Exercise description:
The answer should hold only the lines from the one containing "Ce 2P d’une" through the one containing "Джутовый садовый шпагат, диаметр" in the entries below, copied exactly, without pictures.
------ Supplied material
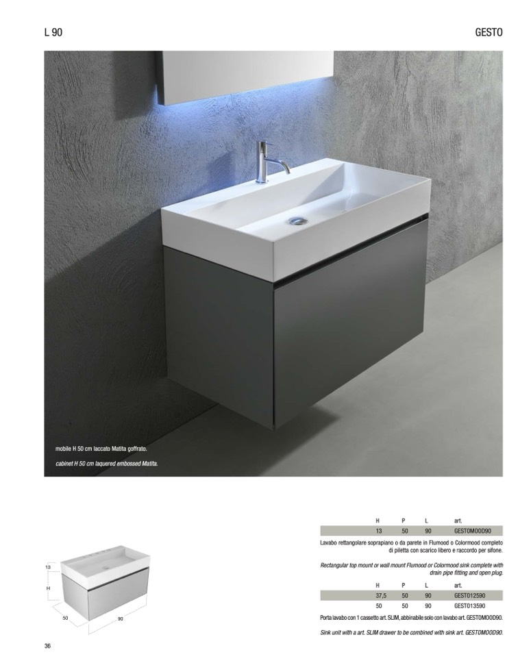 Porta lavabo con 1 cassetto art. SLIM, abbinabile solo con lavabo art. GESTOMOOD90.
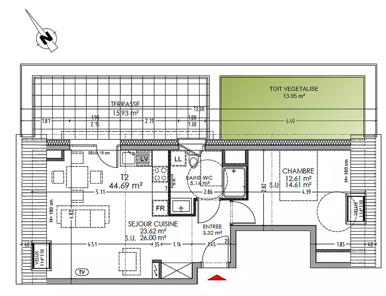 Ce 2P d’une superficie de 44,69m² habitables et 50,75m² au sol se compose comme suit : une entrée avec placard, un séjour avec cuisine ouverte, une terrasse de 15,93m², une salle d’eau avec wc et une chambre.
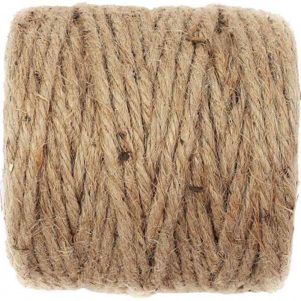 Джутовый садовый шпагат, диаметр 4 мм, длина 100 м, натуральный цвет, 100% джутовое волокно.
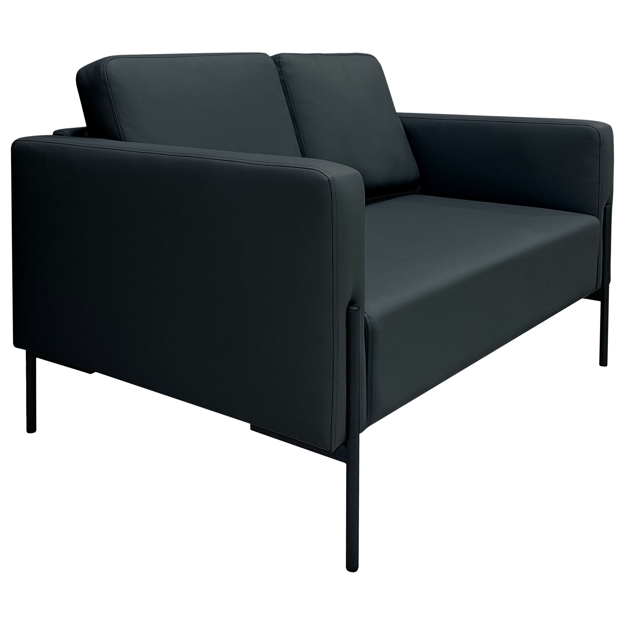 Купить Диван прямой Офис подлокотниками, черная эко-кожа. Офис, салон красоты, зона ожидания, прихожая, гостиная с доставкой по всей России.
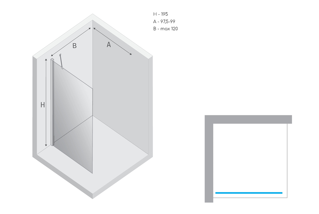 Статична душова перегородка відкритого типу walk in. Безпечне загартоване прозоре скло товщиною 6 мм із захисним покриттям Active Shield. Профільна система монтажу перегородки являє собою класичний спосіб примикання скла до стіни за допомогою алюмінієвого профілю. Надійну фіксацію скла забезпечує рухомий тримач прямокутної форми.
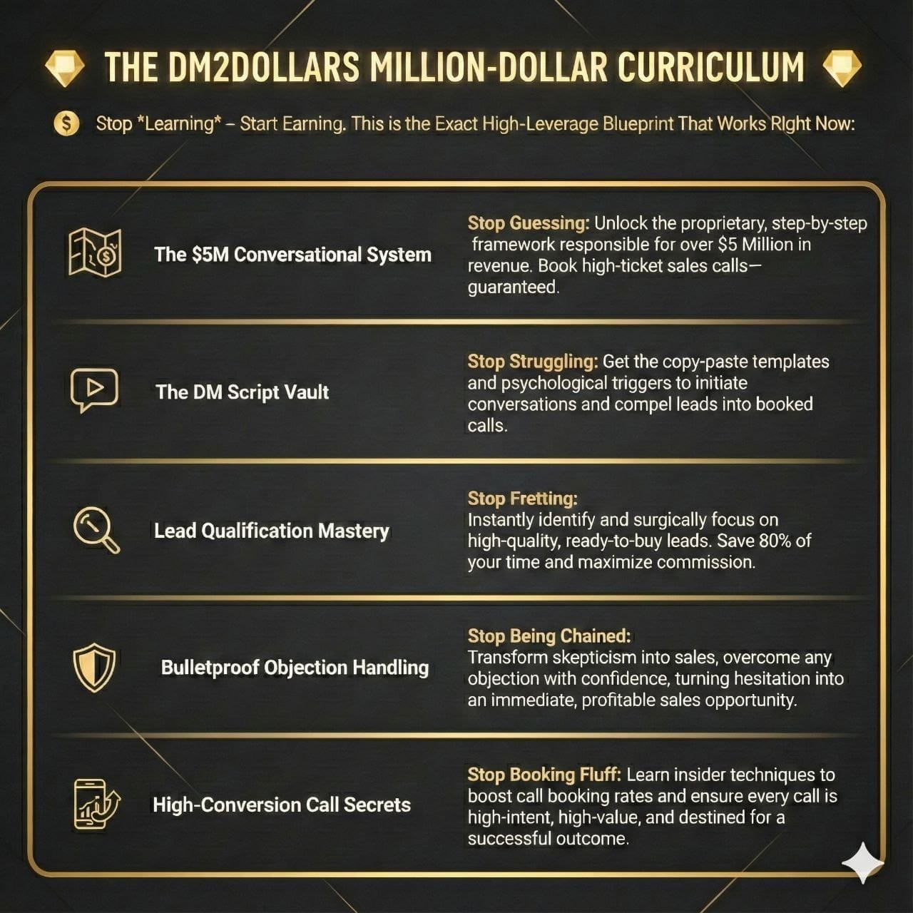 The DM2DOLLARS System is the step-by-step framework that shows you how to land high-ticket DM setting roles and drive massive revenue for businesses, enabling you to earn $1,000+ per week using proven conversational sales scripts
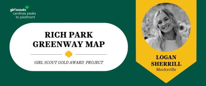 Girl Scouts Carolinas Peaks to Piedmont is pleased to announce that Logan Sherrill, Mocksville, has earned her Girl Scout Gold Award, the highest achievement a Girl Scout can earn. Sherrill, daughter of Shaun and Crystal Sherrill and a member of Girl Scout Troop 1265, helped to enhance the Rich Park Greenway System by creating a … Continue reading Rich Park Greenway Map: Logan Sherrill’s Girl Scout Gold Award Project
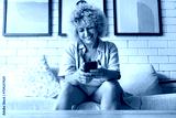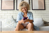 A joyful curly-haired young woman comfortably using her smartphone, evoking a sense of everyday happiness and relaxation.
------------
Answer box:
 Ce 2P d’une superficie de 44,69m² habitables et 50,75m² au sol se compose comme suit : une entrée avec placard, un séjour avec cuisine ouverte, une terrasse de 15,93m², une salle d’eau avec wc et une chambre.
 Джутовый садовый шпагат, диаметр 4 мм, длина 100 м, натуральный цвет, 100% джутовое волокно.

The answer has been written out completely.